This makes me smile..I post the nasty ones. I post the truth. It affects my "real" friends so I have to send them private messages to let them know that this is the only way for me to tell "some" people how I really feel.

One friend sent me $20 american money when I was desperate. I hadn't posted in quite awhile and she just knew. I was shocked. I wasn't starving, I wasn't homeless, I was stressed about money though.
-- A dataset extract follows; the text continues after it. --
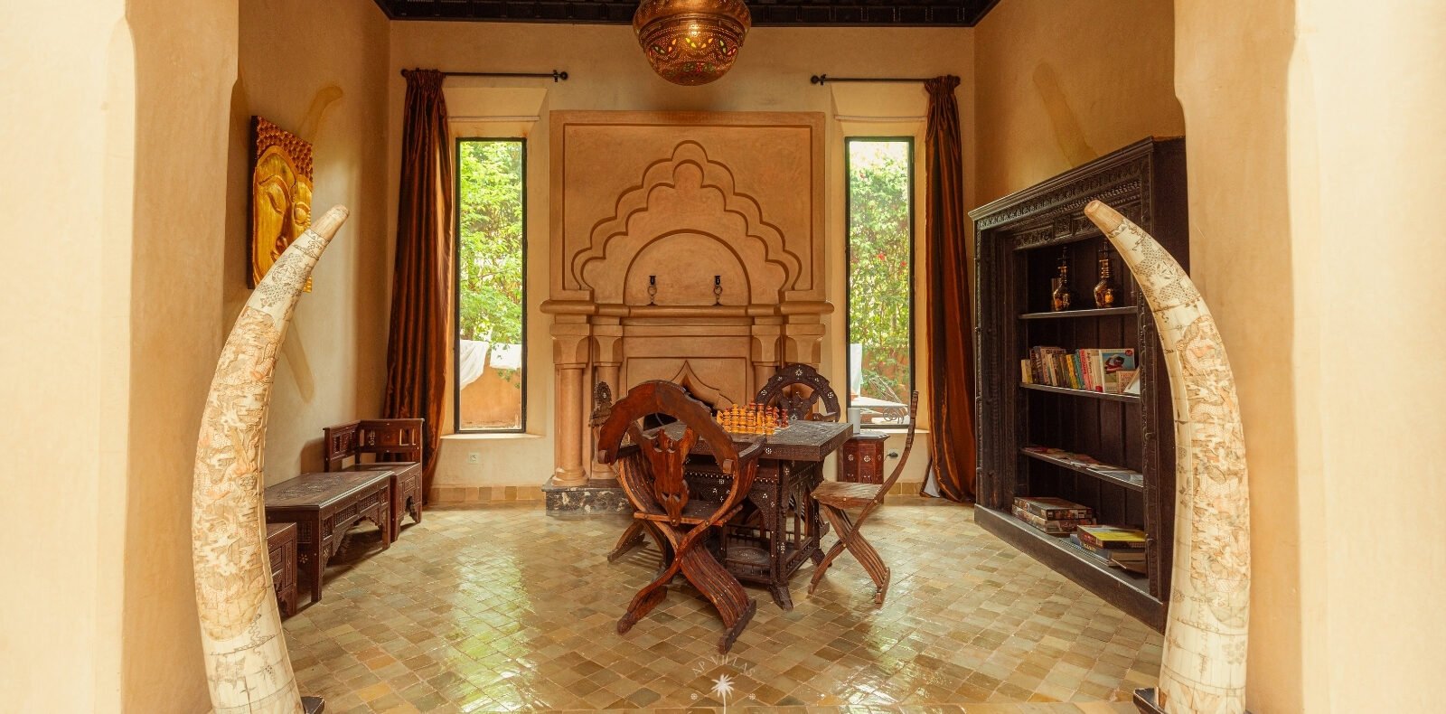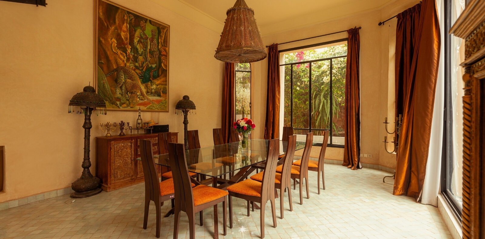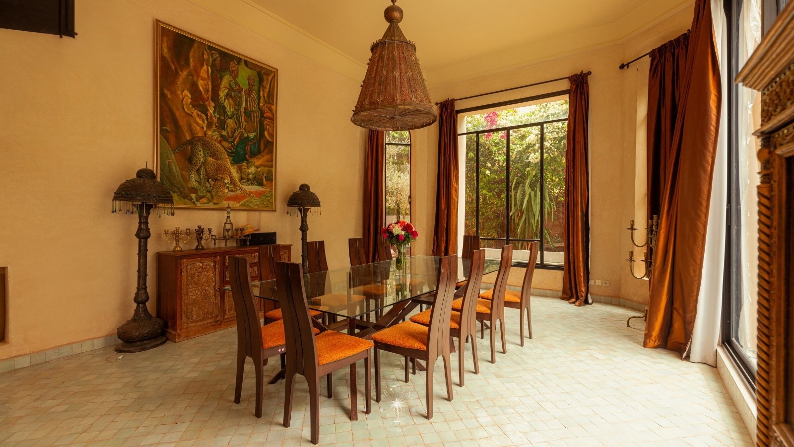 Discover this enchanting Oriental-style villa for rent in Marrakech, nestled in the exclusive Amelkis estate, one of the city’s most prestigious areas. Perfect for family getaways or golf enthusiasts, the property boasts a beautifully landscaped garden, a spacious pool, a sunlit terrace for leisurely al fresco lunches, and a 27-hole golf course.

A few days ago I saw one of those and that related to my brother and SIL borrowing $3,000 from us but when we needed the money a few years ago and I asked if they could try to pay us back, when we were still a couple. SIL responds that if they knew they had to repay us they never would have borrowed so much. Uh. Um. What? They sent $300.00 well the A started during this financial crisis. They don't connect the dots?

I haven't talked with them since then. Nada. Not a word. They post on my kids/grandkids pages all the time and it pisses me right off! I've even told them to stay the F away from my kids! So, sorry about the t/j but I use FB to communicate I don't use it to tell people a lie. I brag about all my babies and I not so subtly say F you to people that have hurt me. That's my entire extended family. Yep. Not a single person left. Me and all my babies. Period.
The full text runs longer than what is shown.